---------- Data for analysis
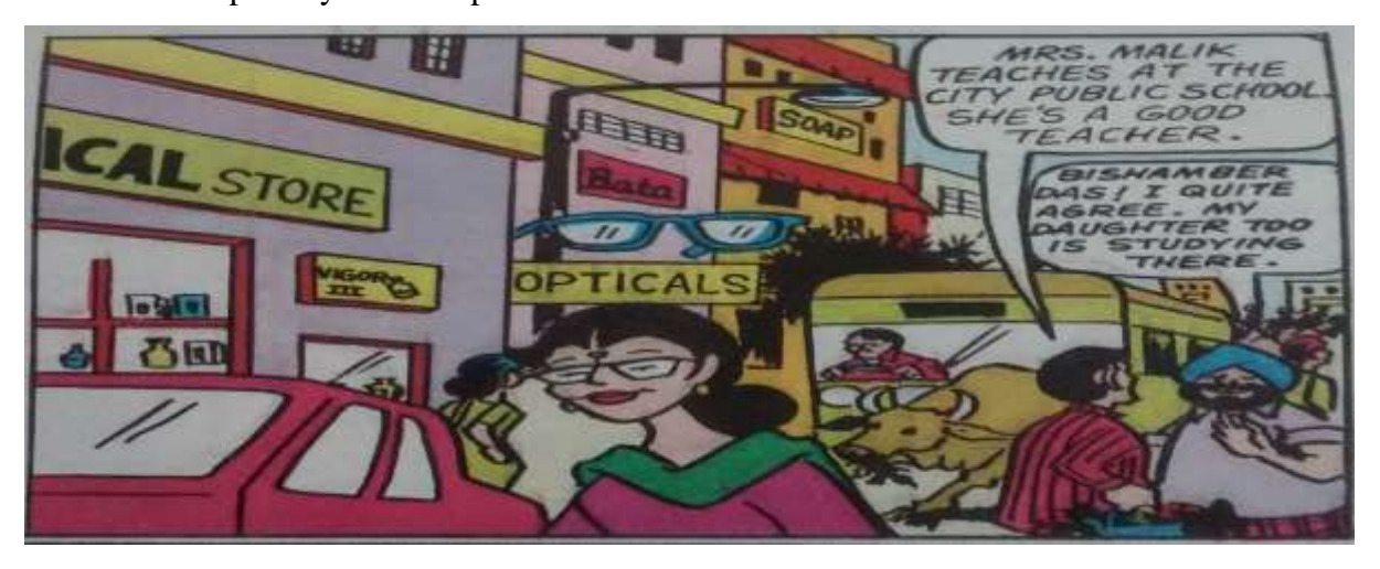
Fig. 10 'Raka on Rampage' Chacha Chaudhary (Diamond Comics-883),

living standard of the poor but in practice the sight of the poor is despised and taken as obstacle in the realization of the middle class dream of the nation. A concern for the poor came to be perceived by both the state and the middle class as "an abstraction, an unavoidable hindrance best hidden, as far as possible, from view" (verma1998:83).
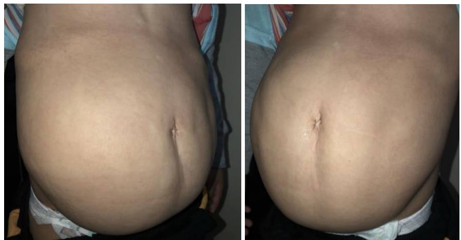
Figure 1: Clinical picture of the infant showing abdominal distension with thin and slightly wrinkled appearance of the abdominal wall

was consistent with PBS. No clinical or radiological evidence for any known associated congenital anomalies was found.
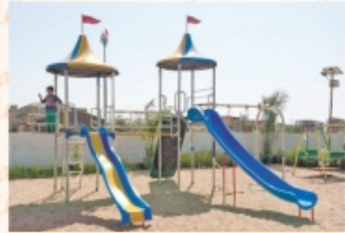
Two Deck Two Level Multiplay System - RMPS - 18
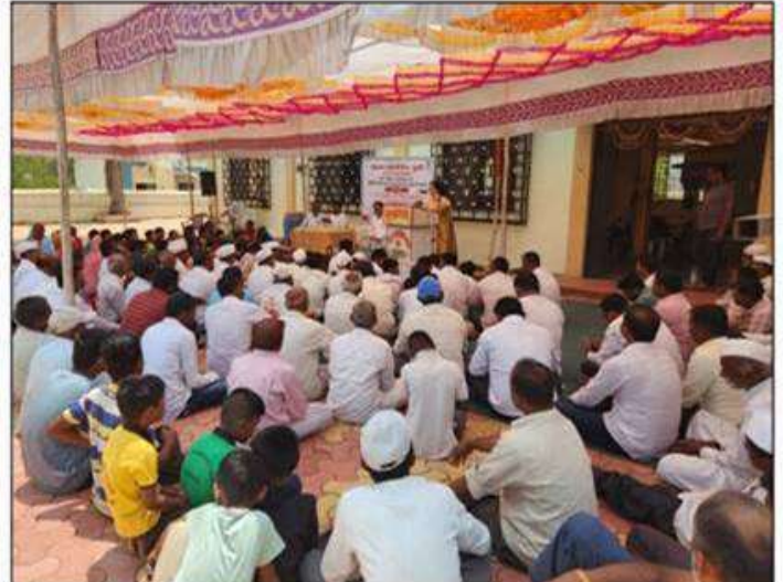
Interaction with the villagers at village Jaypur.
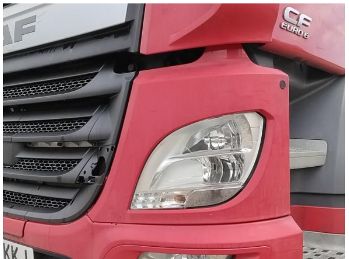
8: Other N/A N/A
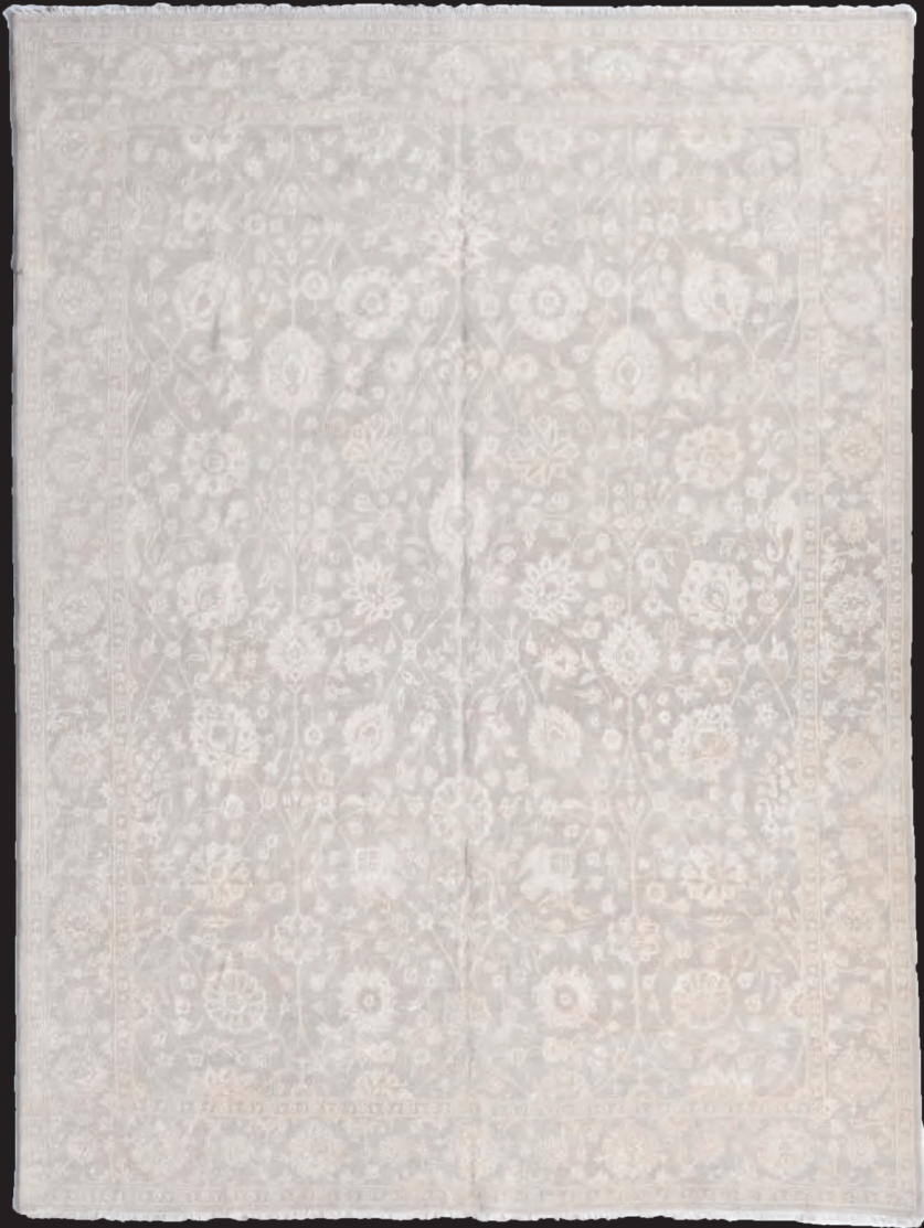
Pakistani Oushak Silk and Wool Size: 12' x 9'
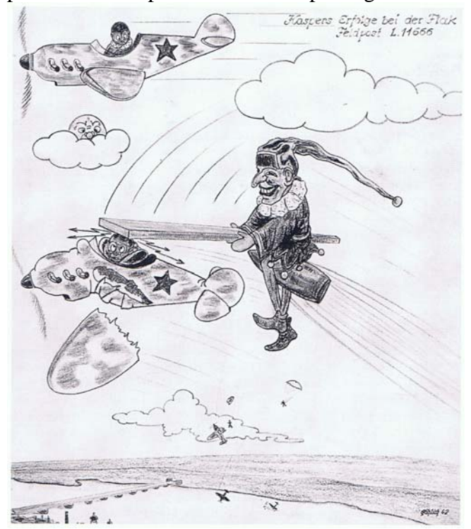
Figure 4 Kasperls Erfolg bei der Flak.

Figure 3 <u>Hohnsteiner Kasper, 1951</u>. Figure 3 is a picture of the Hohnsteiner Kasper (Kock). This was a Hand puppet and a very predominant depiction of the Kasperl figure.
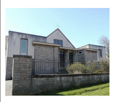
Our Lady of Lourdes Church, Dunfermline
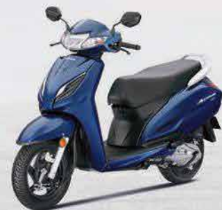
Decent Blue Metallic
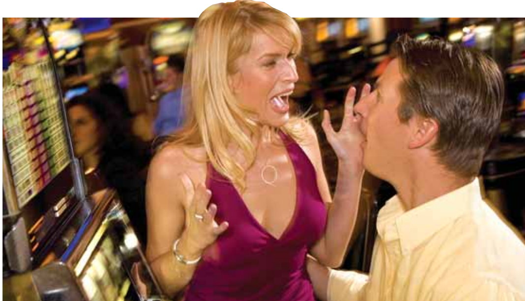
Atlantic City's Trump casinos sizzle with excitement.
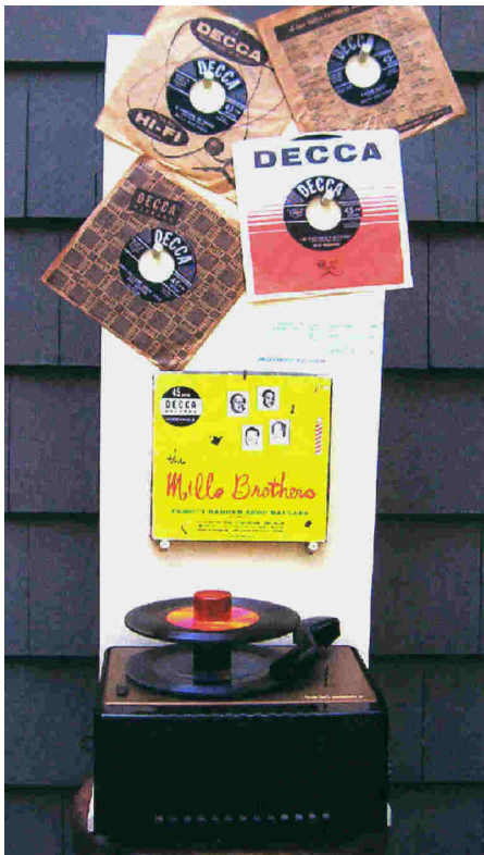
45EY2 featured in Mills Brothers Convention display
--------------------
→ The problem: In the data above, find the line containing "living standard of" and the line containing "Figure 4 Kasperls Erfolg bei der Flak.". Copy exactly the stretch from the first through the second, both included, leaving out any picture.

→ Exercise solution:
living standard of the poor but in practice the sight of the poor is despised and taken as obstacle in the realization of the middle class dream of the nation. A concern for the poor came to be perceived by both the state and the middle class as "an abstraction, an unavoidable hindrance best hidden, as far as possible, from view" (verma1998:83).
Figure 1: Clinical picture of the infant showing abdominal distension with thin and slightly wrinkled appearance of the abdominal wall

was consistent with PBS. No clinical or radiological evidence for any known associated congenital anomalies was found.
Two Deck Two Level Multiplay System - RMPS - 18
Interaction with the villagers at village Jaypur.
8: Other N/A N/A
Pakistani Oushak Silk and Wool Size: 12' x 9'
Figure 4 Kasperls Erfolg bei der Flak.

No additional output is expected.